A strange thing has been happening to me. Stranger than the ever expanding/drifting size of my ass, and my vain attempt to lose weight even though I’m eating better and walking 12-15 miles a week. I’m starting to be okay with my shape and…dare I say it…I’m starting to flaunt it a little.


Maybe it’s that I turn 40 next month, and there has to be a time when you stop hating yourself and just say “Fuck it. THIS is who I am. THIS is my body, this is my hair and skin and breasts, THIS is what I’ve got, and I’m going to stop beating myself up for not being a size 6 anymore.”


It slowly dawned on me that every time I eat, I feel guilty. Not just guilty, but APOLOGETIC. And ASHAMED. And that’s awful. I feel guilty every time I look in the mirror and I see size 12 me, instead of size 8 me. The truth is, I was only a size 8 when I was 16, and then again when I was in a marriage that didn’t fit me. A relationship so constricting, that I lost weight to slip away from it. I stayed thin for a while afterwards, but it wasn’t a happy-thin. It was a I’m-desperately-trying-to-get-my-life-together thin, and that ain’t sexy.


So. I’ve got a butt now. And a rack. And I’ve started wearing pretty frilly little outfits to bed, and just in general. I mean, how can you feel sexy when you’re wearing huge cotton undies? You can’t! You can, however, feel that farting is okay in public while wearing enormous cotton panties, because, why not. You’ve already crossed a line. (I speak from experience.)


I bought new clothes that fit THIS body, and not the body I think I should have. I bought some cute swingy skirts, and fitted shirts. Some jeans that hug the curves I have. New bras that lift me up a little bit further. (This may be too much detail for some of the fellas that read my blog.
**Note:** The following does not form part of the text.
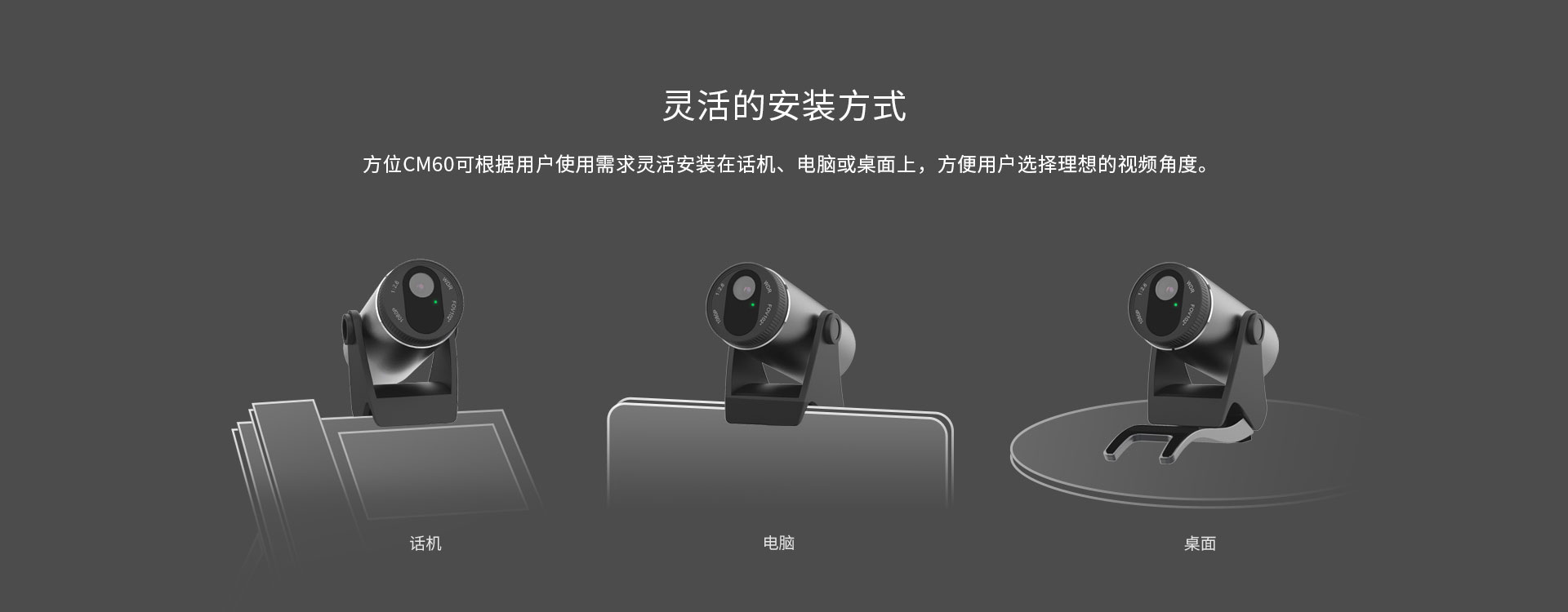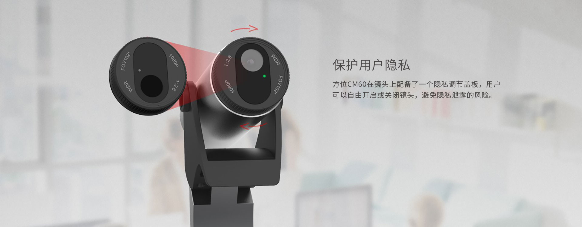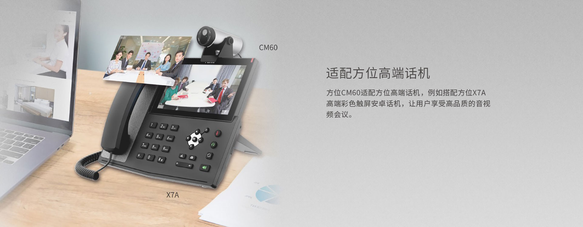 方位CM60是一款便携式USB高清摄像头,适配方位高端话机。它支持即插即用,可灵活安装在话机、电脑或桌面上。支持1080P视频分辨率和H.264视频解码,拥有102°大视角,配备隐私调节盖板,能够为用户提供优质的视频通讯体验。

Sorry, brother.)


At any rate…I’m trying to change my mindset and it’s just possible that I may have succeeded in transforming myself into a WereCougar. I’m not going to go after college boys or anything, I mean, I’m very happily married (nod to Kealoha)…but I may randomly start sashaying or purring or something. I’m just tired of being so hard on myself and feeling bad about enjoying good food and good company and good living. It’s just stupid.


Bring on the pretty clothes and soft fabrics and girly, sexy underthings. I figure that at almost-forty, I deserve to celebrate.